Tree: number of children of each node given total number of nodes and number of sublevels

algebra-precalculusdiscrete mathematicsgraph theorytrees

Imagine a full n-tree: every node has a single parent (or is the root and has 0 parents) and exactly n children (or is a leaf node and has 0 children).

We can describe this tree with three variables: A = total number of nodes in the tree. B = number of sublevels in the tree. C = number of children per node.

The fundamental formula to relate these three variables is most intuitively:

$$ A = \sum_{n=0}^{B}{C^n} $$

For example, if there are 4 sublevels of hierarchy (under the top node) and each node has 3 children, then B = 4 and C = 3. The top layer's count is 1, then the second layer's count is 3, then 3^2 = 9, then 3^3 and 3^4. The sum equals 121.
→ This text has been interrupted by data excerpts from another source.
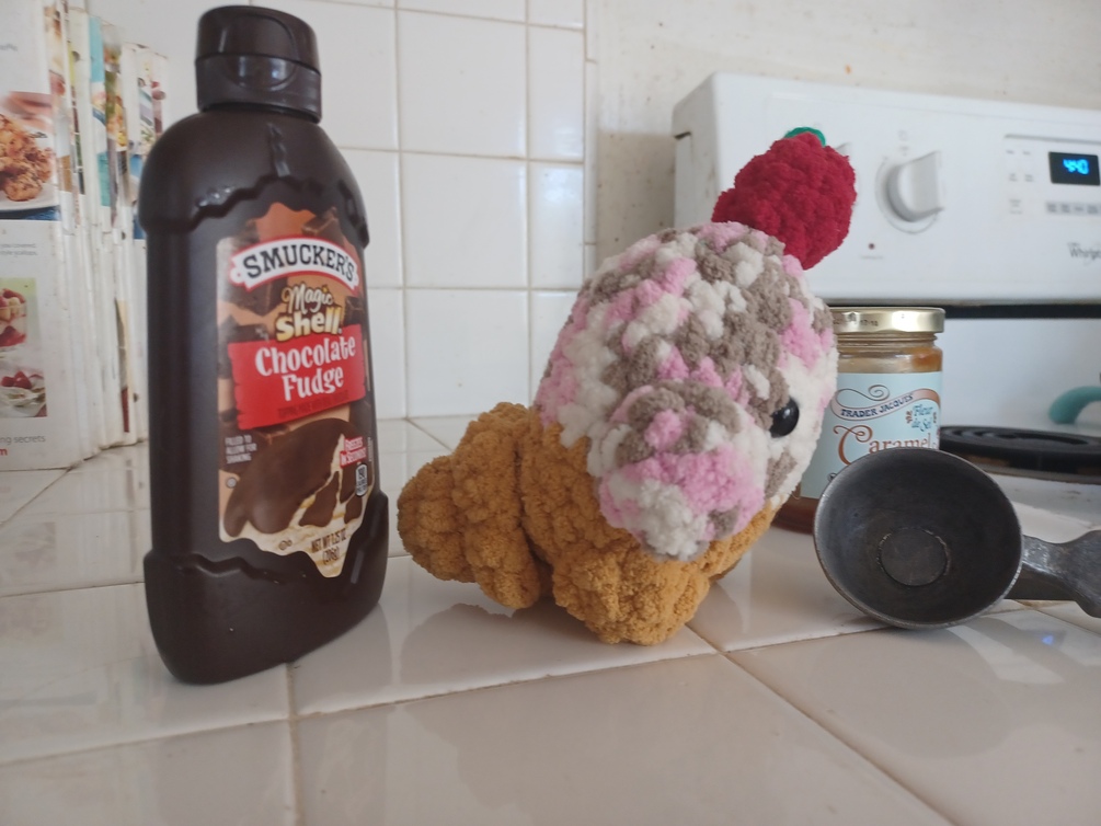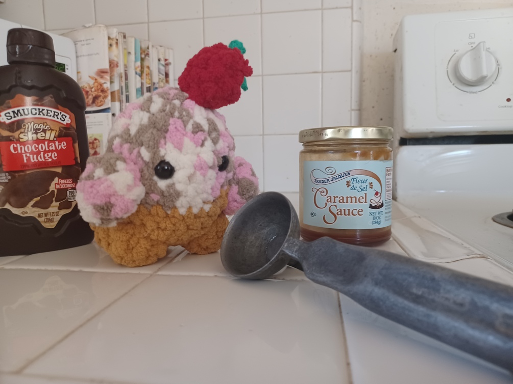 This sweet Ice Cream Dinosaur will give you a frozen feel to life. And made with love and soft yarn. It is a handmade item. Warning this is not a toy and is not intended for a kid under the age of 3. Made with soft polyester yarn, comforting, handmade, Plushy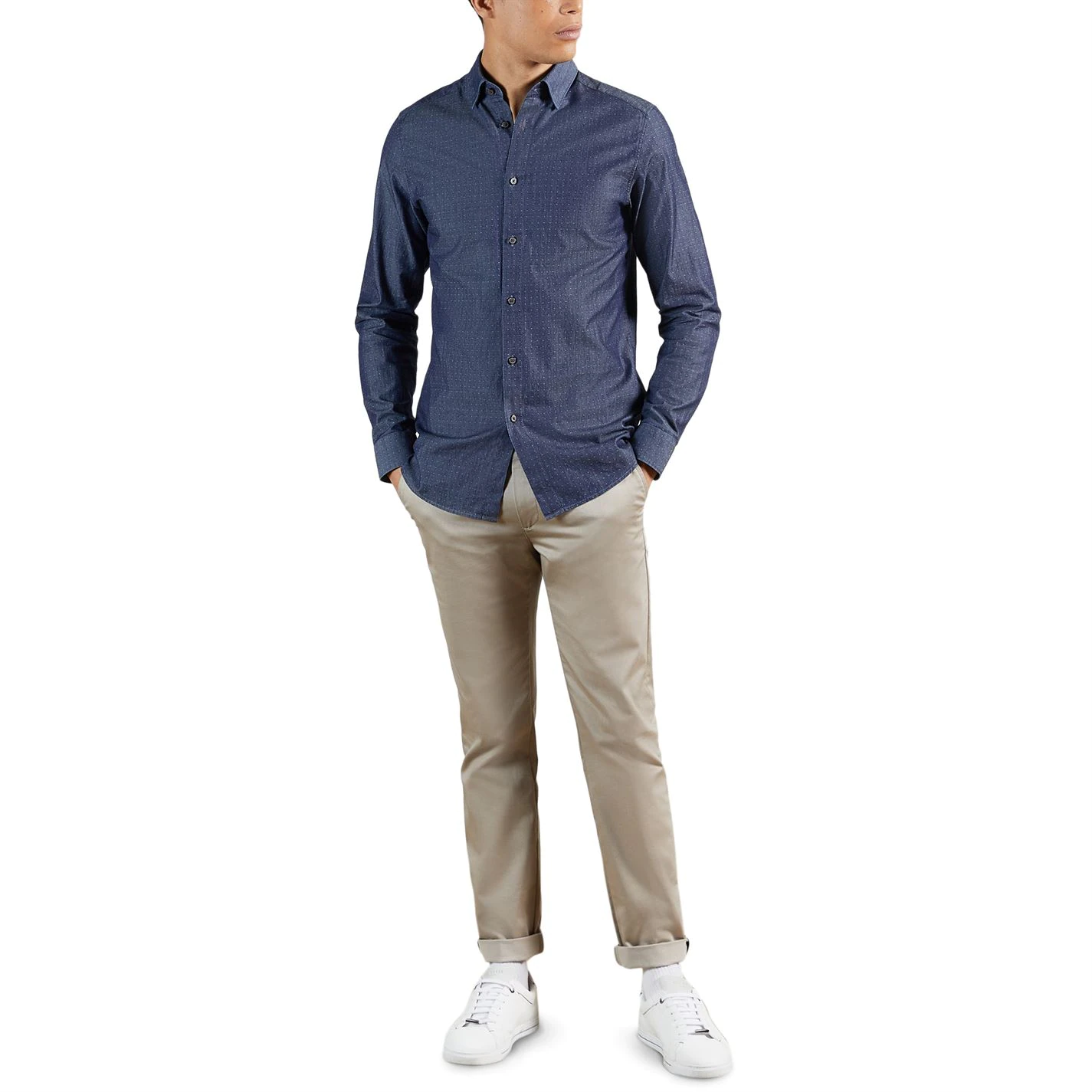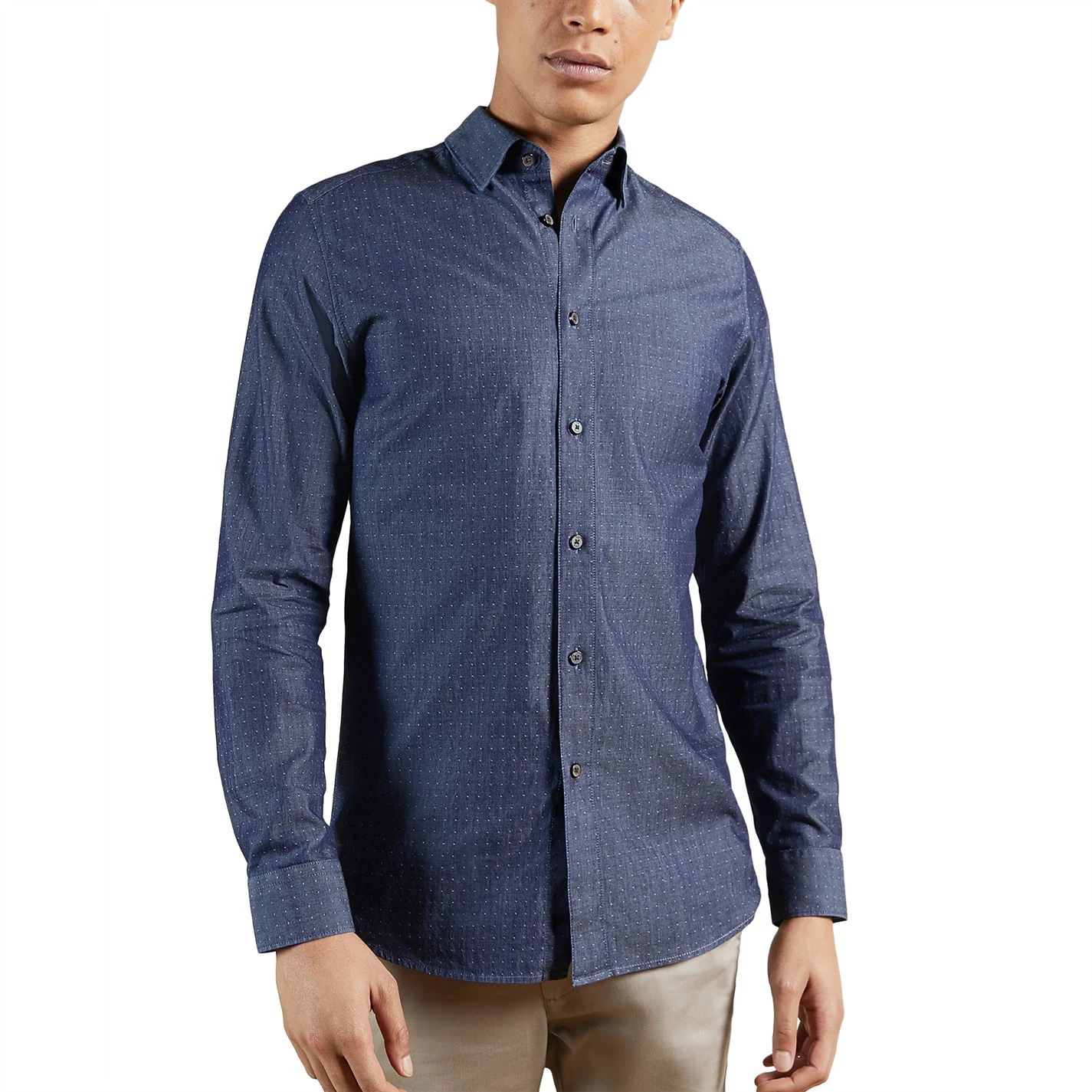 Elevate your collection with this Ted Baker Beaan Long Sleeve Shirt. Crafted with a folded collar and full button fastening for a secure fit, it features long sleeves with button cuffs for a classic look. This shirt is designed with a signature logo and is complete with Ted Baker branding.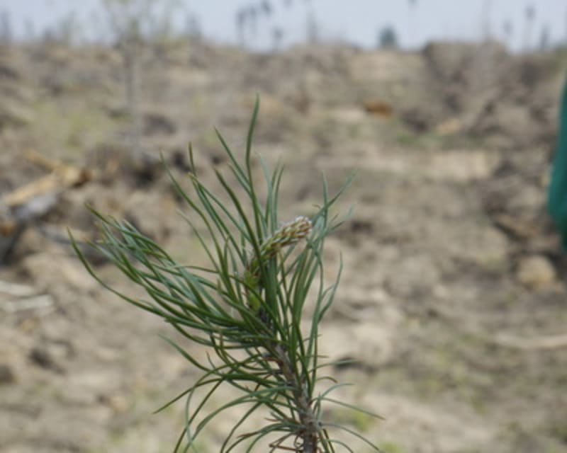 Мечом Колесова – специальным инструментом для посадки сосны – специалист делает глубокую узкую щель и предлагает Еве опустить в неё…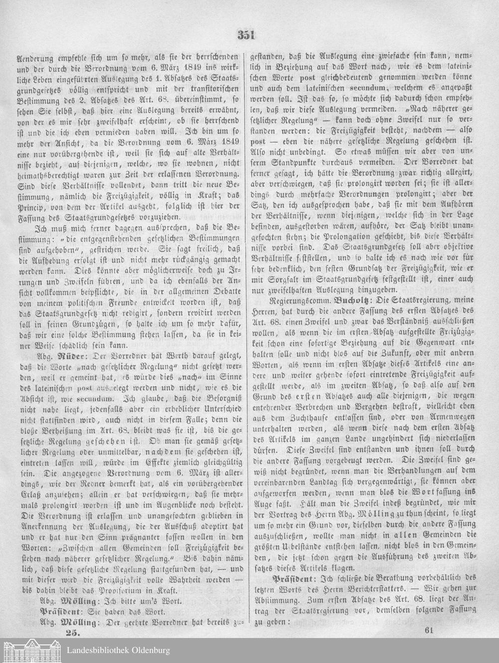 V. allgemeiner Landtag 25.11.1851-12.06.1852

From some Googling, I discovered that this sum can be expressed as:

$$ A = \frac{{C^{B+1}-1}}{{C-1}} $$

If given A and C, you can work it out to solve for B and end up with:

$$ B=log_C(AC-A+1)-1 $$

However, I am looking for a way to solve for C given A and B. Is there a way to do this?

Best Answer

Found the answer. First, some renaming of the variables for clarity:

  • Depth of tree = D (was previously B)
  • Node count = N (was previously A)
  • Children per node = C (same as before)

Next for some trivial edge cases:

$$D=0 \leftrightarrow N=1$$ $$D=1 \leftrightarrow N=C+1$$ $$C=1 \leftrightarrow N=D+1$$

So, we will only consider cases where C >= 2 and D >= 2.

Divide all the nodes between leaf nodes L and non-leaf (parent) nodes P. L + P = N. So,

$$L=C^D$$ and $$P=\sum_{n=0}^{D-1}{C^n}$$

Therefore,

$$C=\sqrt[D]L$$

It is obvious that

$$\sqrt[D]L < \sqrt[D]{L+P}$$

But it is a property of full trees where C > 1 that there are more leaf nodes than parent nodes. Because L > P and D >= 2,

$$\sqrt[D]{L+P} < \sqrt[D]{L+L} \leq \sqrt[D]{L*D} = \sqrt[D]L+1$$

So putting them together,

$$\sqrt[D]L < \sqrt[D]{L+P} < \sqrt[D]L+1$$

And because C is an integer,

$$floor(\sqrt[D]{L+P})=\sqrt[D]L$$

Intuitively, this means that all parent nodes are not enough to change the order of magnitude of the tree. The leaf nodes are sufficient to determine this. After substituting,

$$C=floor(\sqrt[D]N)$$

So that is the answer. It also nicely works for the edge case of C=1, but not for D=0 or D=1.

All credit goes to my cousin for figuring this out.